Puzzle 2 full solution
1 clues are great and give us lots of information.
Also some squares clues are separated apart by a block.
Already, layer 3 needs R2C2 to be unshaded to avoid the 2x2.
That completes the 2-clue.
4-clue only has 1 room for expansion going south; so it must go east and down.
R2C4L1 gets shaded to separate. Also, R2C1L4's 3 clue must go up as its only expansion.
Now, to employ some tricky logic. One of R3C1-2L1 must be unshaded, or else we make a 2x2 (R3C(1-2)L(1-2)). Either the 3 extends south, or the 6 gets there, but the 6 would exhaust all of its length doing so. (west, west, up, up, north, say.) That would leave R(2-3)C4L3 unattended (The 4-clue requires 5 to get there; other clues are more hopeless). So the 6 must care for that (we can't immediately mark R3C4L3 as unshaded, because we could conceivably satisfy it by first going down, north, north, up). But we can declare that 3 must go south, south.
Fill adjacents, then note that R2C3L1 must be unshaded to avoid a 2x2. That completes the 4-clue...
Fill those adjacents, note that R1C1L3 must also be unshaded to avoid 2x2's, which completes the R2C1L4 3 clue...
And fill yet more adjacents. Whew.
Now we should look at layer 2's R4C(1-2). One of these must be unshaded, and it must be satisfied by the 6-clue. It must hit R4C2L2 first, so let's path that.

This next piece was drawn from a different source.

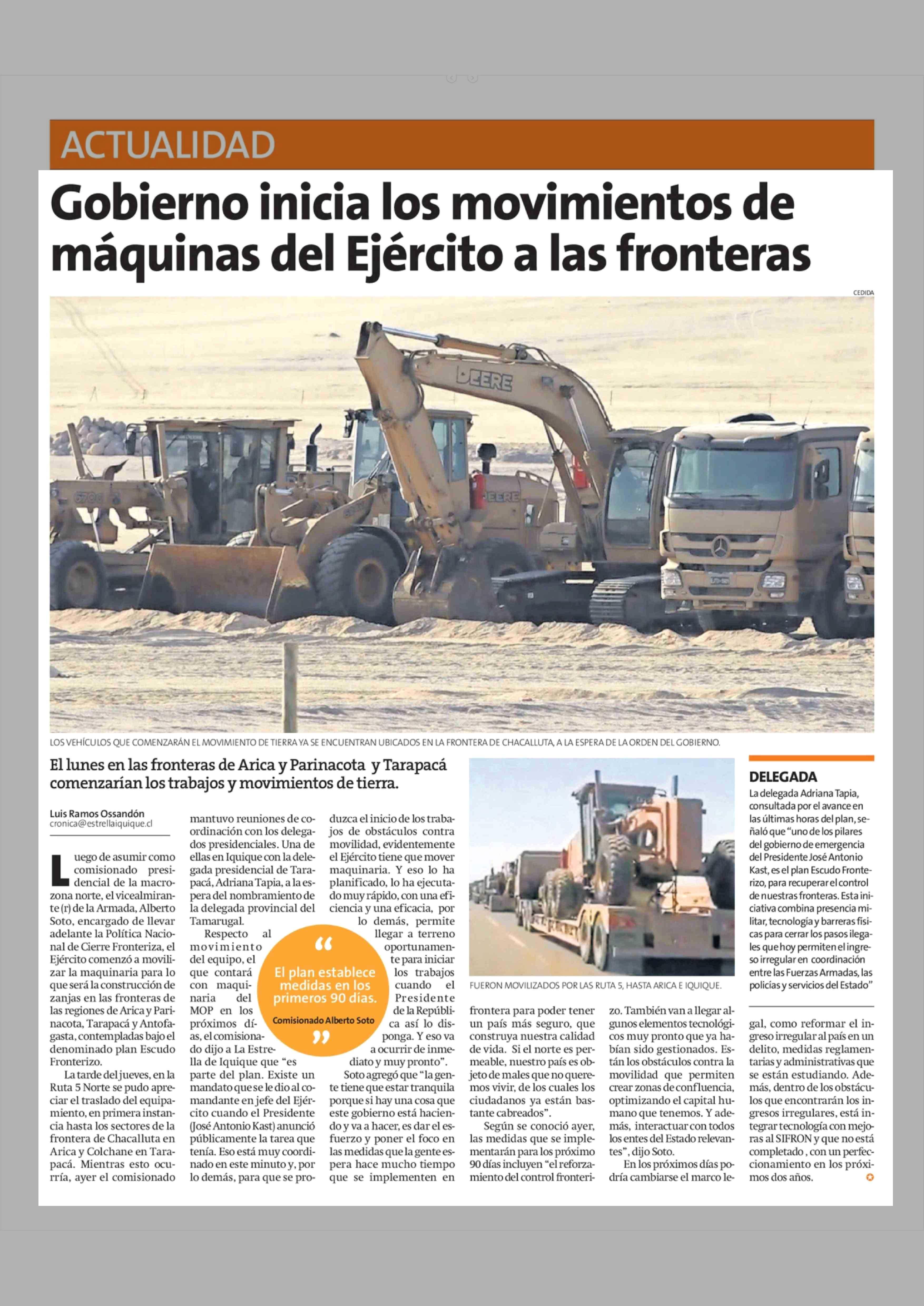 Título: Gobierno inicia los movimientos de máquinas del Ejército a las fronteras

Actually the 3-clue in R3C4L1 is pretty trapped and has only one way to resolve so let's do that.
Fill adjacents. R2C3L4 is too far from the 6-clue now, as it's already size 4. So it completes the size 3 region as follows:
Nothing can reach R1C4L4. Let's shade it.

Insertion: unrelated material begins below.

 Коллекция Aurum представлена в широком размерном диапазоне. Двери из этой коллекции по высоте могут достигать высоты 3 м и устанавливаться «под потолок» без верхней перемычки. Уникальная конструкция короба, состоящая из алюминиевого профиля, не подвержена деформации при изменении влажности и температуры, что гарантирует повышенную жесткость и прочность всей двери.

That means R2C4L3 must be unshaded to avoid another 2x2 (R(1-2)C4L(3-4)) and that completes the 6-clue. We're done!
Puzzle 3 full solution
Let's do the spacing deductions again, and fill out all of the 1's.
We use another 2D nurikabe deduction that often appears with 2's - if a 2-clue only has two places to expand, then the diagonally adjacent square that is adjacent to both of these places is shaded. Otherwise the 2-clue is trapped to either being a 1 or 3+ clue. This shades R2C3L4, since the 2-clue only has 2 places to go now.

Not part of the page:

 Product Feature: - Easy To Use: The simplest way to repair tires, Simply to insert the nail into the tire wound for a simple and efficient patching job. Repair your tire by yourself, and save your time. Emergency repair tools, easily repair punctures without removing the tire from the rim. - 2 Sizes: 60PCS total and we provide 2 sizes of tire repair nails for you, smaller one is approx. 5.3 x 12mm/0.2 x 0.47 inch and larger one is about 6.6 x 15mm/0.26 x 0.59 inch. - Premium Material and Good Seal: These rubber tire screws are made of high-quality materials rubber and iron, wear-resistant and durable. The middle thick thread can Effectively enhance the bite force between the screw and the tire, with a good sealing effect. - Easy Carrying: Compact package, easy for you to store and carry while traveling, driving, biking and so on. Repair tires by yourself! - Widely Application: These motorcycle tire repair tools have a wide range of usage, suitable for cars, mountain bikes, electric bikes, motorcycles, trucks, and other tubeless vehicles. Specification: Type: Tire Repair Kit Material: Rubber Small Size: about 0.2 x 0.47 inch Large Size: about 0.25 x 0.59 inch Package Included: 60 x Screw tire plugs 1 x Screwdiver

R1C1L1's 5 cannot go down at all! This finishes the 5-clue.
And fill adjacents.
Both the 9 clue and above it R1C4L1 must go south to escape. R4C1L1 must go east to escape. This also shades R2C3L2.
Now R3C2L2 must be unshaded to avoid the 2x2 in R(3-4)C2L(1-2). That completes that 2-clue, and fill adjacents.
The 5-clue in R3C3L1 must go down at some point. The only accessible place is R4C4L2.
After shading in R4C3L2, R4C4L3 (both blocked by the 2-clue in R4C3L3), and R3L4C2 (blocked by the 9-clue), this completes the 5-clue.
9-clue must go down. This allows us to fill R2C4L4 (blocked by the 2-clue in R1C4L4)...
...which resolves the 2-clue that way.
The 9-clue must keep going down, however. Only place to do that is via R3C4L4.
Thus R4C4L3 must escape down, west.
9-clue continues westward.
Shade R3C3L3; that resolves the last 2-clue.
R4C3L4 must keep escaping west, west.
R2C3L3 belongs to the 9-clue or else R(2-3)C(2-3)L3 is a 2x2 shaded
R2C3L4 escapes west...
Then the 9-clue escapes west, completing it. Fill adjacents...
Everything else goes to the 4-clue. We're done!